The study of checkpoints began with the realization that cell-cycle effects were not a passive consequence of DNA damage itself but an active regulatory response [2]. The first example of checkpoint regulation was in primary cells from patients suffering from Ataxia Telangiectasia (AT), a syndrome characterized by developmental defects, cancer predisposition and hypersensitivity to ionizing radiation. AT cells were shown to harbor a mutation in the Ataxia Telangiectasia Mutated (ATM) gene, and display a defect in the reduction of DNA synthesis in response to IR [25, 27, 28]. Elevated replication in the presence of DNA damage in AT cells was termed radioresistant DNA synthesis (RDS). RDS was subsequently found to be a common phenotype of checkpoint mutants from yeast to humans [29, 30].

The AT RDS phenotype appeared to be primarily origin based. AT cells lacked the steep initial decline in DNA synthesis in response to low doses of IR. Analysis by both alkaline sucrose gradient centrifugation and autoradiography indicated that ATM mutants lacked control of origin firing in response to IR [16, 28, 31, 32]. Thus, AT cells were proposed to display RDS due to an inability to prevent origin firing.

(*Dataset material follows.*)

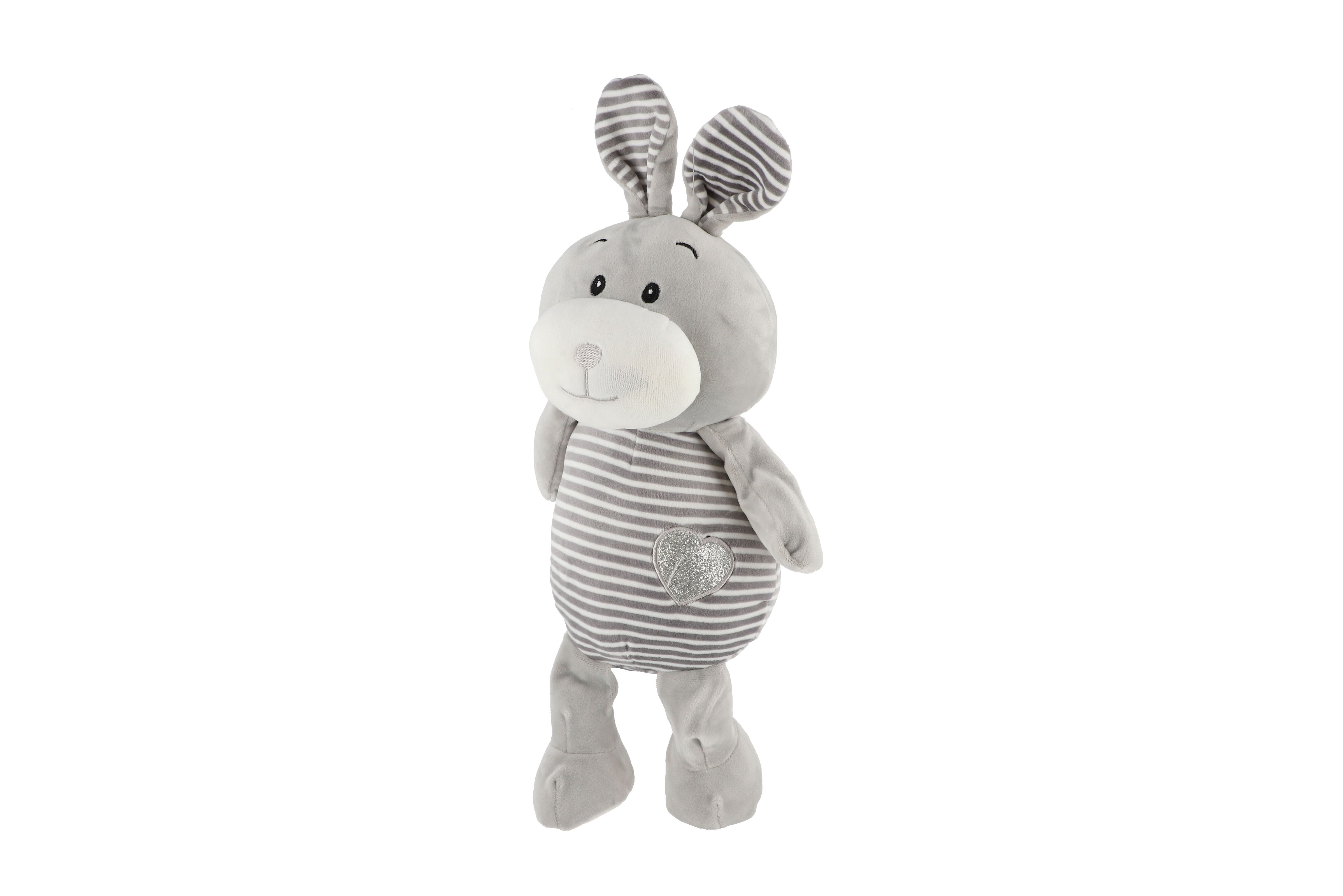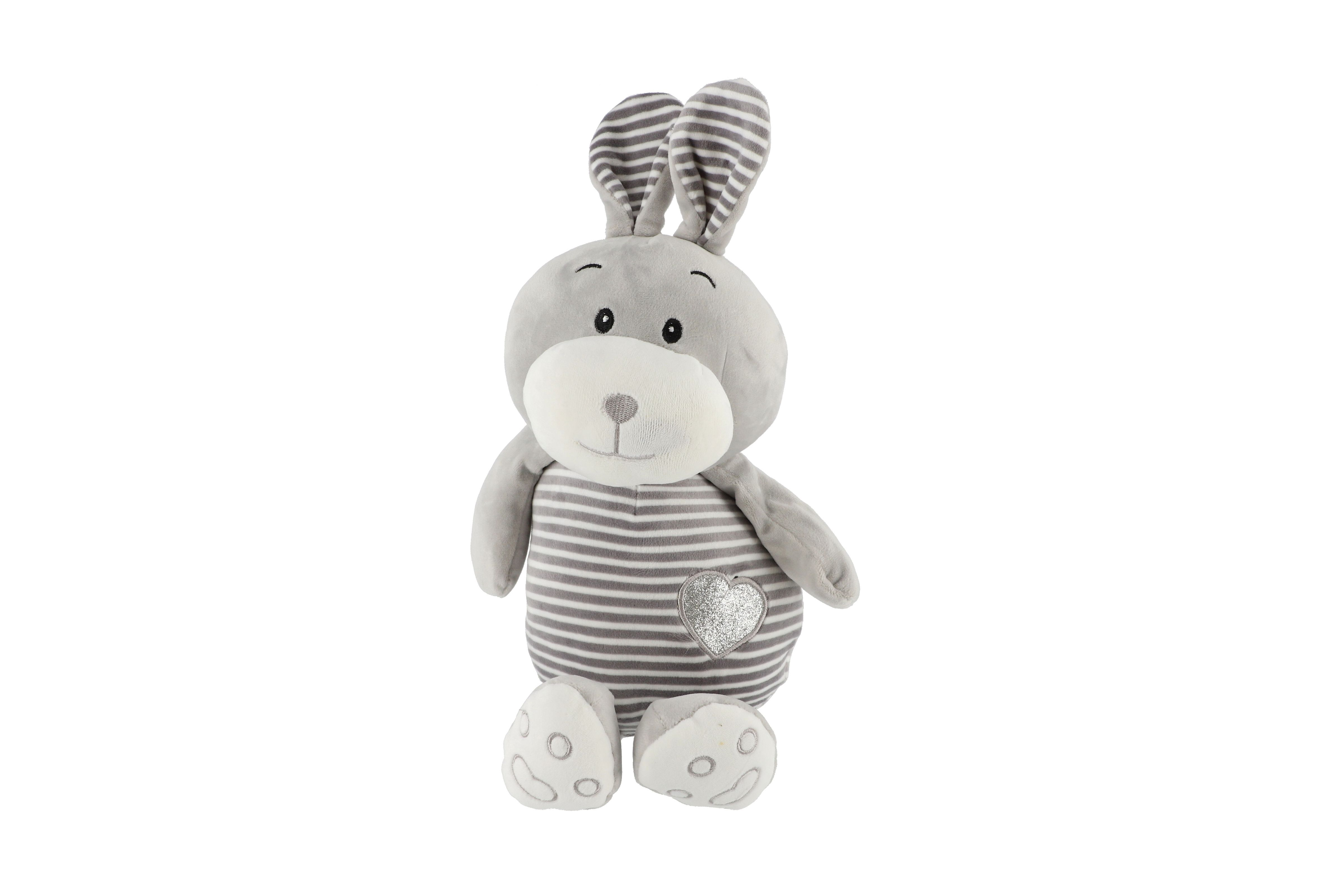 Zajíc/Zajíček sedící pruhovaný plyš 25cm v sáčku 0+
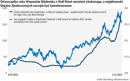 Zarówno w 2000, jak i w 2007 roku najpierw światowe giełdy, a następnie gospodarki musiały zmierzyć się ze skutkami pęknięcia baniek spekulacyjnych – w pierwszym przypadku na spółkach internetowych, a w drugim na nieruchomościach i finansujących je bankach. Choć dziś oczywistym bohaterem spekulacji jest sztuczna inteligencja, to moim zdaniem nie można mówić o tym, że wydarzenia z początku tego roku to koniec trendu. Niektórzy inwestorzy, ze słynnym Nassimem Talebem na czele, uznali ostatnio, że zaskakująco skuteczne dołączenie małej chińskiej spółki DeepSeek do wyścigu o globalny prymat w branży AI było równoznaczne z przewróceniem pierwszej kostki domina, a rynkowy reset zarówno wycen, jak i oczekiwań inwestorów jest nieunikniony. W nieco mniej pesymistycznym tonie wypowiedział się niedawno Michael Hartnett z Bank of America, który jako pierwszy użył określenia „Magnificent 7”. Jego zdaniem pojawienie się chińskiego gracza na rynku AI skutecznie zakwestionowało dominację Stanów Zjednoczonych w dziedzinie sztucznej inteligencji. Konsekwencją tego nie będzie jednak spektakularne pęknięcie bańki spekulacyjnej, ale zakończenie okresu wyjątkowości USA („Peak US Exceptionalism”) i tym samym detronizacja Wall Street (wykres 2). Natomiast wspaniała siódemka („Magnificent 7”), czyli wciąż najbardziej „zatłoczony” zakład inwestycyjny, może zostać z tyłu („Lagnificent 7”), pozwalając się wyprzedzić innym rynkom, sektorom i spółkom (np. bankom). W gruncie rzeczy z takim właśnie scenariuszem mamy do czynienia od kilku tygodni.

The role of ATM in regulating fork progression is less clear. First of all, fork slowing was observed only in response to high doses of radiation and most studies concentrated on the low dose results [28, 33–35]. In a few cases, AT cells slowed replication fork progression as well as wild-type controls [33]. Indeed, both wild-type and ATM mutants display an identical shallow component suggesting the shallow portion of the dose response curve be a checkpoint-independent physical blockage of replication forks [27]. However, both genetic results and data obtained using physical techniques discussed later in this review suggest that fork progression is, in fact, regulated by ATM.

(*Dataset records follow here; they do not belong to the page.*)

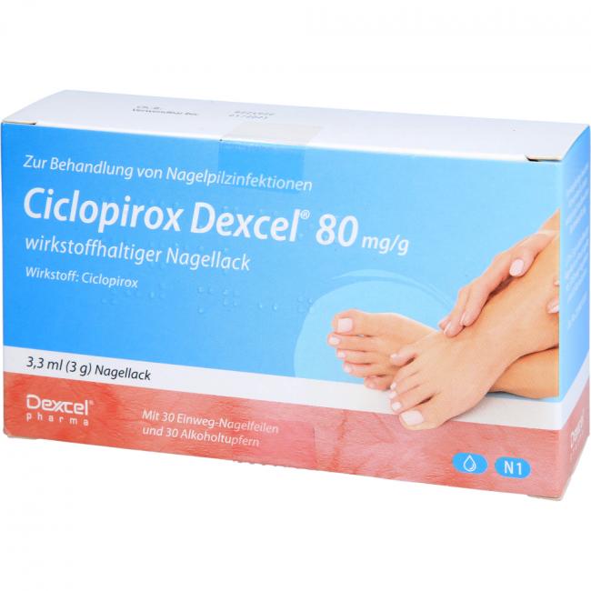 Ciclopirox Dexcel ist ein wirkstoffhaltiger Nagellack. Es enthält den Wirkstoff Ciclopirox, der zu einer Arzneimittelgruppe namens Antimykotika gehört. Ciclopirox durchdringt die Nagelplatte und übt eine pilztötende Wirkung auf alle wichtigen Verursacher von Nagelpilzerkrankungen aus.
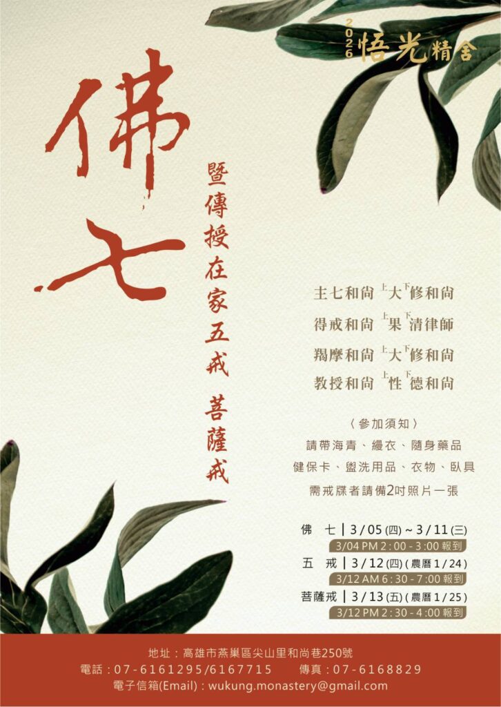 ※報名表填寫完可直接回傳至本寺電子信箱 :Email:wukung.monastery@gmail.com
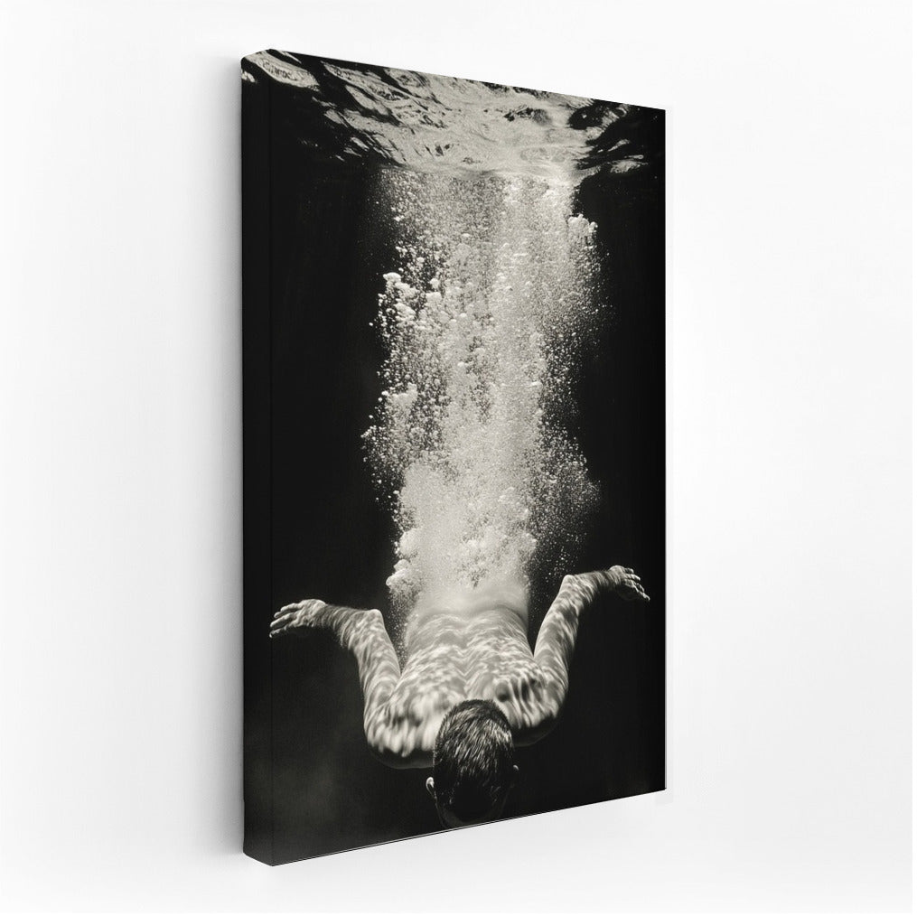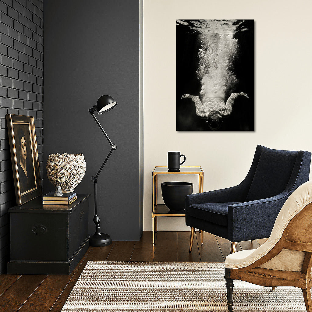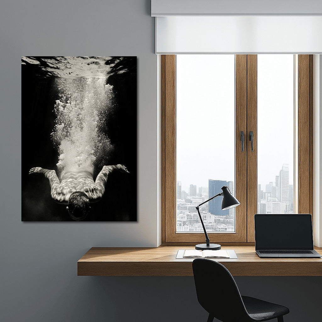 Dive into silence: a poster with breathtaking water movement that creates the effect of free flight. Wall art with depth. See more from the collection: Black and White Art

Checkpoint regulation of origin firing

Checkpoint inhibition of origin firing is by necessity a global response to DNA damage. To prevent origins from firing, checkpoint components must act at origins distant from sites of DNA damage. Consistent with this idea, low doses of IR inhibit origin clusters not necessarily directly impacted by DNA damage and episomal DNA synthesis is prevented even when only nuclear DNA damaged by IR [16, 18, 36, 37].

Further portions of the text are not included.